In preparing this request and taking into account the effects of the 
fiscal year 2006 rescission, we revised our workforce plan to reduce 
fiscal year 2005 hiring and initiated a voluntary early retirement 
opportunity for staff in January 2006. These actions better support 
GAO's strategic plan for serving the Congress, better align GAO's 
workforce to meet mission needs, correct selected skill imbalances, and 
allow us to increase the number of new hires later in fiscal year 2006. 
Our revised hiring plan represents an aggressive hiring level that is 
significantly higher than in recent fiscal years, and it is the maximum 
number of staff we could absorb during fiscal year 2006. These actions 
will also position us to more fully utilize our planned FTE levels of 
3,217 and 3,267 in fiscal years 2006 and 2007, respectively. 

Our fiscal year 2007 budget request includes approximately $502 million 
in direct appropriations and authority to use about $7 million in 
estimated revenue from rental income and reimbursable audit work.
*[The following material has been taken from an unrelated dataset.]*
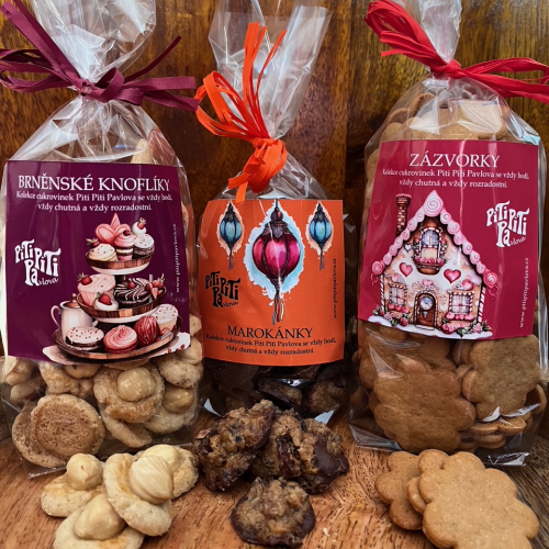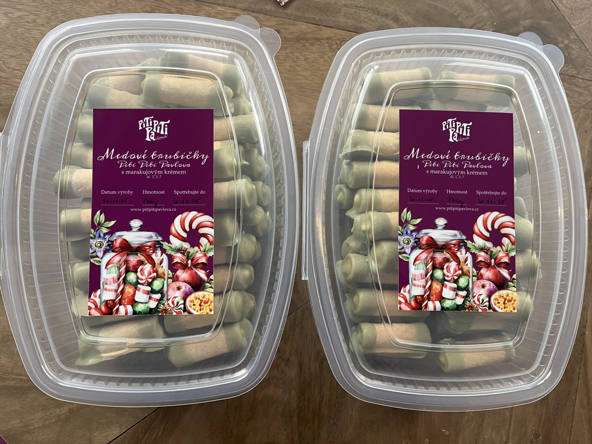 Cena cukroví 2025: 1300Kč včetně fialové krabice s rozpisem

Table 
1 summarizes the changes we are requesting in our fiscal year 2007 
budget. 

Table 1: Fiscal Year 2007 Budget Request, Summary of Requested Changes: 

Dollars in thousands. 

FY 2006 enacted budget authority; 
Amount: $489,560; 
FTEs: 3,217; 
Less: rescission; 
Amount: $(4,896); 
FY 2006 revised budget authority; 
Amount: $484,664. 

FY 2007 requested changes: 

Nonrecurring fiscal year 2006 costs; 
Amount: $(5,380); 
Cumulative percentage change: (1%). 

Mandatory pay costs; 
FTEs: 50; 
Amount: $18,469; 
Cumulative percentage change: 3%. 

Price level changes; 
Amount: $4,073; 
Cumulative percentage change: 4%. 

Relatively controllable costs; 
Amount: $7,528. 

Adjustment due to rounding; 
Amount: $1. 

Subtotal - requested changes; 
FTEs: 50; 
Amount: $24,691; 
Cumulative percentage change: 5%. 

Total FY 2007 budget authority required to support GAO operations; 
FTEs: 3,267; 
Amount: $509,355. 

Source: GAO. 

[End of table] 

Our fiscal year 2007 budget request supports three broad program areas: 
Human Capital, Engagement Support, and Infrastructure Operations. 
Consistent with our strategic goal to be a model agency, we have 
undertaken a number of initiatives to implement performance-based, 
market-oriented compensation systems; adopt best practices; benchmark 
service levels and costs; streamline our operations; cross-service and 
outsource activities; and leverage technology to increase efficiency, 
productivity, and results. 

The Human Capital Program provides the resources needed to support a 
diverse, highly educated, knowledge-based workforce comprising 
individuals with a broad array of technical and program skills and 
institutional memory. This workforce represents GAO's human capital-- 
its greatest asset--and is critical to the agency's success in serving 
the Congress and the nation. Human Capital Program costs represent 
nearly 80 percent of our requested budget authority. 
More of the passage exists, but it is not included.